You don’t mention it explicitly, but I assume you’ve manually copied and pasted all the code, as well as the various patches with updates? In my experience, that quickly makes new suggestions from ChatGPT go out of sync with the actual state of the code. Did you occasionally start the conversation over and pasted in all the code you currently had, or did this not turn out to be an issue for you?
I have found with GPT4, this isn't an issue, but you do have to watch it and let it know if it makes up some new syntax. Scolding it will usually get it to correct itself.
The bigger issue for me has been hallucinated libraries. It will link to things that don't exist that it insists do. Sometimes I've been able to get it to output the library it hallucinated though.
It also makes more syntax errors than a person in my experience, but that is made up for by it being really good at troubleshooting bugs and the speed it outputs.
Indeed, I manually copied the outputs. If the network lost context (or I ran out of GPT-4 credits and reverted to GPT-3) or for some reason I needed to start a new chat, I would start by also feeding in the other modules' docstrings to re-build context. sometimes I had to pass these again after a few prompts.
A good example looks like:
```
I am trying to model associative memory that i may attach to a gpt model
here is the code for the memory:
....
can we keep the input vectors in another array so we can fetch items from it directly instead of having to reconstruct?
```
I asked GPT to write a program which displays the skeleton of a project, i.e. folders, files, functions, classes and methods. I put that at the top of the prompt.
I had a spooky experience with a project that was written almost entirely by GPT. I gave it the skeleton and one method and asked it for a modification. It gave it and also said "don't forget to update this other method", and showed me the updated code for that too.

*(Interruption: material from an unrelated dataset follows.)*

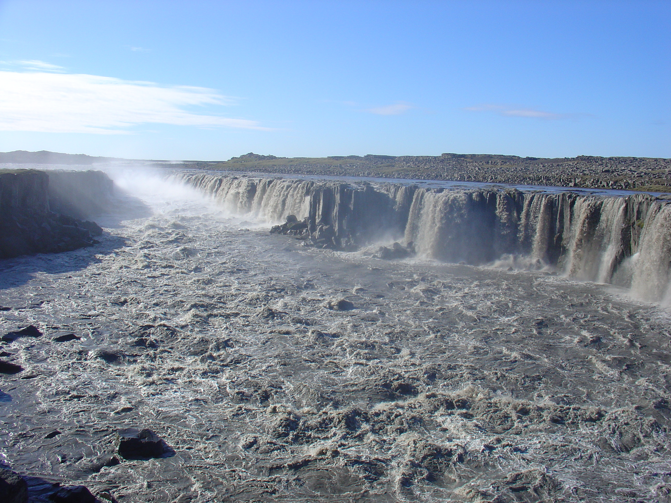 Waterfall Selfoss - Northern Iceland
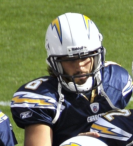 San Diego Chargers backup quarterback Charlie Whitehurst before the Nov. 9, 2008 game vs. the Kansas City Chiefs

The spooky part is, I never told it the code for that method, but it was able to tell from context what it should be. (I told it that it itself had written it, but I don't know if that made any difference: does GPT know how it "would" have done things, i.e. can predict any code it knows that it wrote?)
It's very good at guessing from function names and context. This is very impressive the first few times, and very frustrating when working with existing codebases, because it assumes the existence of functions based on naming schemes. When those don't exist, you can go ask it to write them, but this is a rabbit hole that leads to more distractions than necessary (oh now we need that function, which needs this one). It starts to feel like too much work.
Often, it will posit the existence of a function that is named slightly differently. This is great for helping you find corners of an API with functionality you didn't know existed, but insanely frustrating when you're just trying to get code working the first time. You end up manually verifying the API calls.
It only works well with codebases that are probably quite well represented in its training data ime. For more obscure ones one is better off just doing it by themselves. Finetuning may be a way to overcome this, though.